What you need to do:
A word-for-word retyping of the listing below is required, with the pictures dropped.

Information provided:
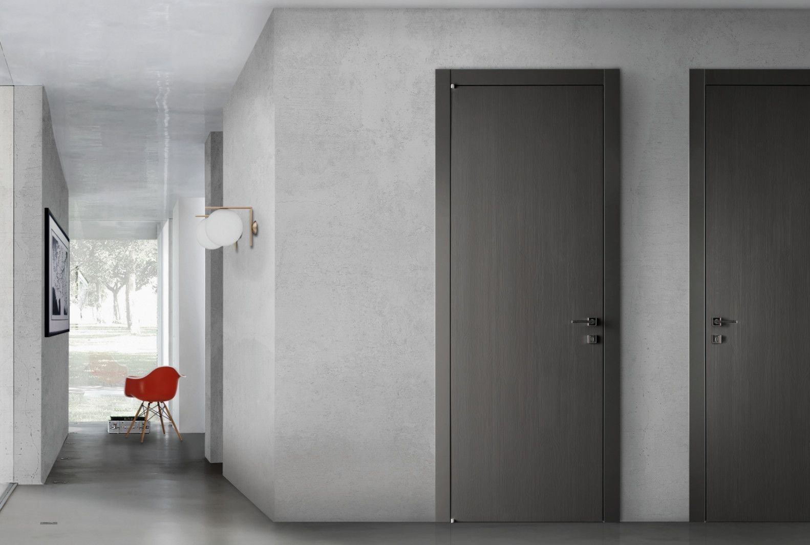 Двери под бетон в интерьере
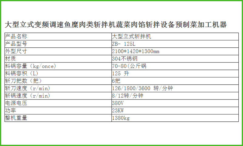 ZB-125L斩拌机利用斩刀高速旋转的斩切作用,将肉块、蔬菜等主要原料精细的斩切成肉馅或肉泥等糜状,同时将其它辅料一起搅拌均匀。机器刀速、锅速、斩刀与斩锅的间隙达到合理的组合,能确保肉制品的斩切细度,发热小,斩切时间短,很大程度的提高了肉制品的乳化效果,提高产品的弹性、出品率和保质期.是预制加工产业中心、酒店、食堂、肉食加工厂等单位所理想的肉类加工机械。
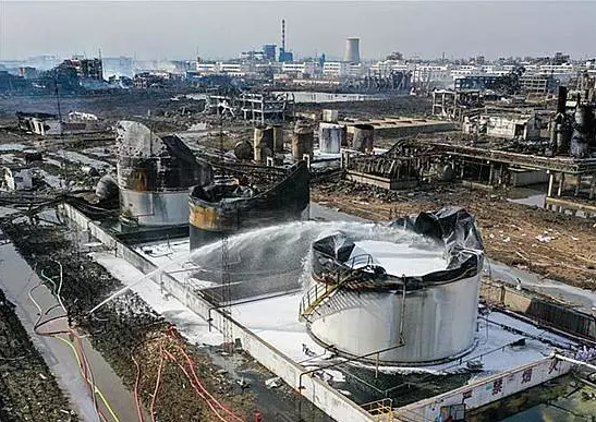 事故扩大的原因是爆炸区域有三个罐,其中两个苯罐,一个甲醛罐,将近4500立方米的物料同时燃烧。

Exercise answer:
 Двери под бетон в интерьере
 ZB-125L斩拌机利用斩刀高速旋转的斩切作用,将肉块、蔬菜等主要原料精细的斩切成肉馅或肉泥等糜状,同时将其它辅料一起搅拌均匀。机器刀速、锅速、斩刀与斩锅的间隙达到合理的组合,能确保肉制品的斩切细度,发热小,斩切时间短,很大程度的提高了肉制品的乳化效果,提高产品的弹性、出品率和保质期.是预制加工产业中心、酒店、食堂、肉食加工厂等单位所理想的肉类加工机械。
 事故扩大的原因是爆炸区域有三个罐,其中两个苯罐,一个甲醛罐,将近4500立方米的物料同时燃烧。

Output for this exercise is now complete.